Qui Dante troverà Beatrice ad ammirare il sole, egli ammira i suoi occhi e così
facendo inizia la sua trasumanazione spirituale. Questo fenomeno inspiegabile Dante
lo spiega attraverso una similitudine nei versi successivi: attribuisce questo fenomeno
a quello di Glauco, personaggio della mitologia greca che dopo aver mangiato delle
alghe si trasformò in una creatura marina inespiegabilmente.
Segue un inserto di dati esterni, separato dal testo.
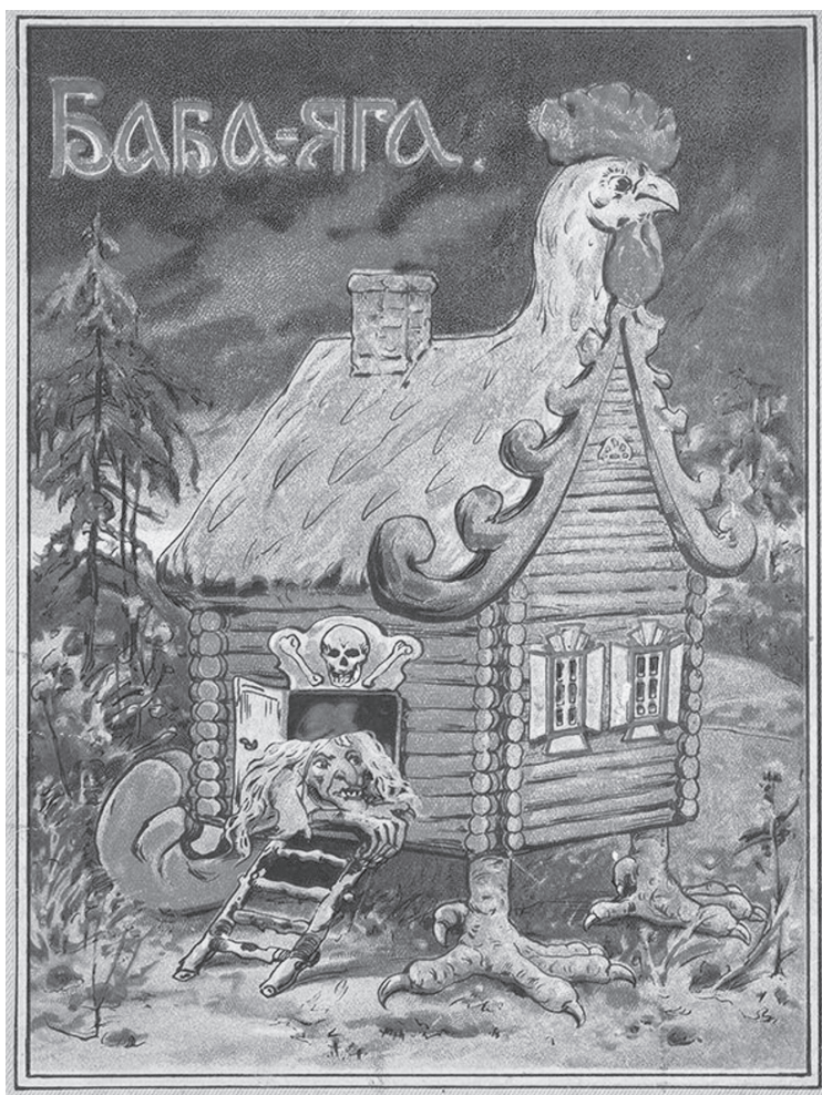
Неизвестный автор. Обложка детской книги с изображением жилища Бабы-яги. Тип. изд-ва И. Д. Сытина. 1915 г.

Proseguendo nei versi la
sensazione della trasumanazione disorienta il poeta, tanto da domandare a Beatrice
quale fosse il motivo di questa confusione, lei risponde che è dovuto al fatto che sta
entrando nel luogo per eccellenza in cui le leggi terresti non valgono e sono obsolete.
Quindi Dante si interroga sulla motivazione dell’ascesa al Paradiso, Beatrice lo fa
riflettere affermando che nell’universo tutte le cose sono ordinate verso la visio o
visione di Dio, quindi il poeta al posto di filosofare sul perché debba elevarsi a Dio, si
chiede il perché non debba avvicinarsi a lui. Durante la fine del canto il poeta ritorna
a guardare il sole e il cielo. È presente in questo canto una tematica molto importante
per gli studiosi, ovvero il topos dell’ineffabilità umana accennato nelle cantiche
precedenti. Dante in questo canto è impossibilitato nel mettere su carta ciò che ha
visto e provato, proprio per questo si aiuta di vari examotage, come la mitologia, le
tre croci e l’invocazione ad Apollo. In questo scopo sono molto importanti anche le
figure retoriche che il poeta usa, come anologie e similitudini. Il tema finale di questo
canto è sicuramente spiegare per filo e per segno l’ascesa degli uomini in paradiso.
Dante afferma che ogni persona, compresa egli stesso, riesce naturalmente ad elevarsi
in paradiso grazie alle leggi fisiche e metafisiche, ovvero la gravitaziojne spirituale,
affermando che il divino stabilisce in ogni realtà un fine raggiungibile dall’uomo.